CONCLUSIONS: Conservative columnist Taha Akyol notes that the single most important conclusion of Binnaz Toprak’s study must be that Turkey is in the process of becoming a country which consists of mutually intolerant, one could add culturally gated, communities. Akyol exhorts “all communities to open their doors and windows to “the other”. The authors of the study themselves call for a “mobilization” in favor of a civic education that would foster more tolerant citizens, eradicating prejudices about differing identities and eliminating discrimination.

Kemal Atatürk was himself keenly aware of the importance of civic instruction. Yet he seems to have harbored few illusions about the prospects of freedom and tolerance. “To tell the truth”, Atatürk wrote eighty years ago in his book “Medenî bilgiler” (Civic instruction), “Those who love freedom for the sake of freedom, who really understand the meaning of tolerance, are but a minority everywhere in the world.”  “Wherever peace can be observed, it is based on the mutual hatred of intolerance and freedom of the thought; what secures the foundation (of peace and freedom) is the sheer force that keeps the balance in place.  What we see is not the disappearance of intolerance, but rather intolerance rendered weak.”

Yet Atatürk was also aware that “freedom may be instituted by force, but its survival depends on tolerance.” And he was prescient enough to be aware that tolerance, meaning “at least turning a blind eye on those beliefs of others which we don’t share”, was not only a matter of protecting the gains of secularism, the freedom to cut loose from religious dogmas. Understandably, Atatürk worried that freedom from the rule of religion was not secured. He suspected that old mentalities survived, and assumed that “our free citizens must view this specter with sorrow and pity”. But interestingly, he went on to note that intolerance had wider implications: “If people of different beliefs harbor feelings of hate towards each other, if they despise each other or if they just pity one and the other, then they are being intolerant.” It is a sentence that sums up Turkey’s Islamic-secular experiment; while the religious conservatives have hated “God-less” seculars, the latter have pitied and despised the former as “non-enlightened”. The intolerance has been reciprocal.

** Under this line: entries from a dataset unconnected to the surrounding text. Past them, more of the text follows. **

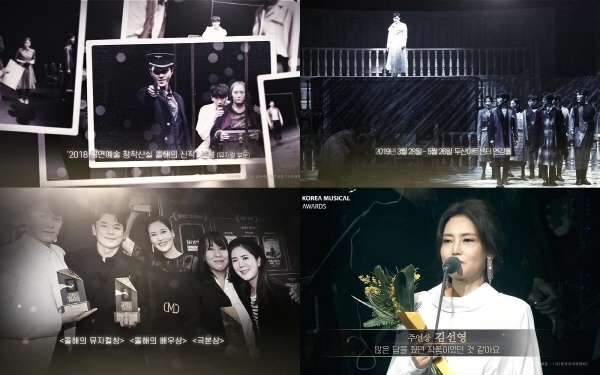 공개된 영상에는 정식 공연 전 진행된 창작산실 실연 심의부터 올해의 뮤지컬상 수상까지 뮤지컬 <HOPE>의 화려한 면면이 담겨있다.
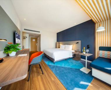 酒店设计风格时尚、智能,精致且富有活力的客房,超大空间,视野开阔,还可看到西湖的风景。其次配有一间空间灵活多变的会议室,提供24小时自助免费洗衣阁,高速无线网络、所有房间均含智选安心早餐、优质轻奢的羽绒床品以及舒适的沐浴设施。新一代智选的卫浴干湿分离,双床床头隔板设计,为双人入住客人提供更多私密空间提升入住体验。在这里,无论是商务出行还是休闲度假旅客都能尽情放松和享受杭州西湖东智选假日品牌所提供的安全、舒适、温馨和便捷的住宿体验 。从入住到启程,智选假日酒店是您商务出行和游历杭州的明智之选!
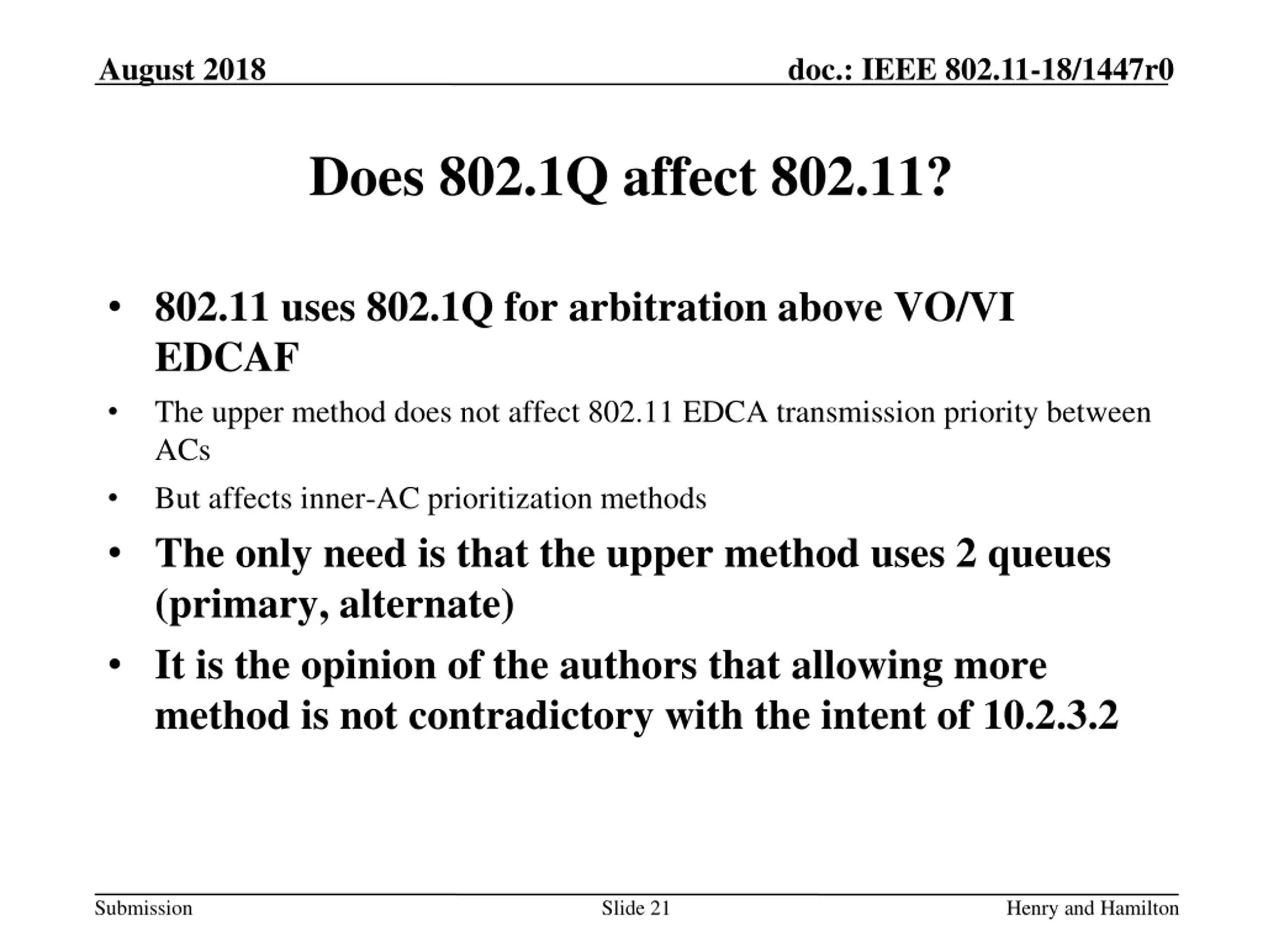 August 2018 doc.: IEEE 802.11-18/1447r0 Does 802.1Q affect 802.11? 802.11 uses 802.1Q for arbitration above VO/VI EDCAF The upper method does not affect 802.11 EDCA transmission priority between ACs But affects inner-AC prioritization methods The only need is that the upper method uses 2 queues (primary, alternate) It is the opinion of the authors that allowing more method is not contradictory with the intent of 10.2.3.2 Submission Slide 21 Henry and Hamilton
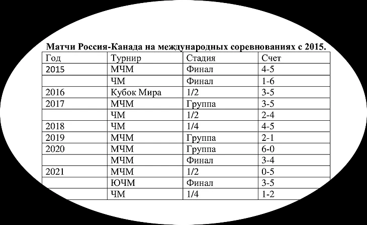 Тут корень этой причиной сравним с корнем предыдущей: о матчах Россия-Канада знают все. Если мы победили Канаду, это очень круто, все - молодцы! Проиграли - все плохо, у нас нет сборной. Не зря говорят, что успешным турниром сборной России считается тот турнир, где мы либо выиграли золото, либо обыграли Канаду в плей-офф. Ну такой уж менталитет у всех нас, мы так привыкли, нашим болельщикам нужны победы. Тут прикрепляем таблицу всех матчей с Канадой на крупных турнирах с 2015:
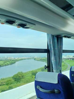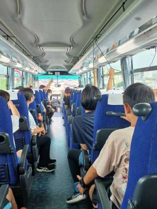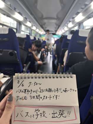 バスの中の様子です。荒川を超えたところですが、レクリエーションなどを行い楽しく過ごしています。

Atatürk concluded his little essay about tolerance with the expectation that “Presumably, the desired generalization of tolerance will depend on a high level of intellectual training.”  Toprak and her co-authors call for a new political culture, one of consensus, and exhort ruling religious conservatives and the secularists in opposition to steer clear from authoritarian alternatives.

The quality of civic instruction, as well as the examples that are set in the arena of politics, will be of crucial importance for securing the foundations of democracy in Turkey, foundations which have become dangerously weakened.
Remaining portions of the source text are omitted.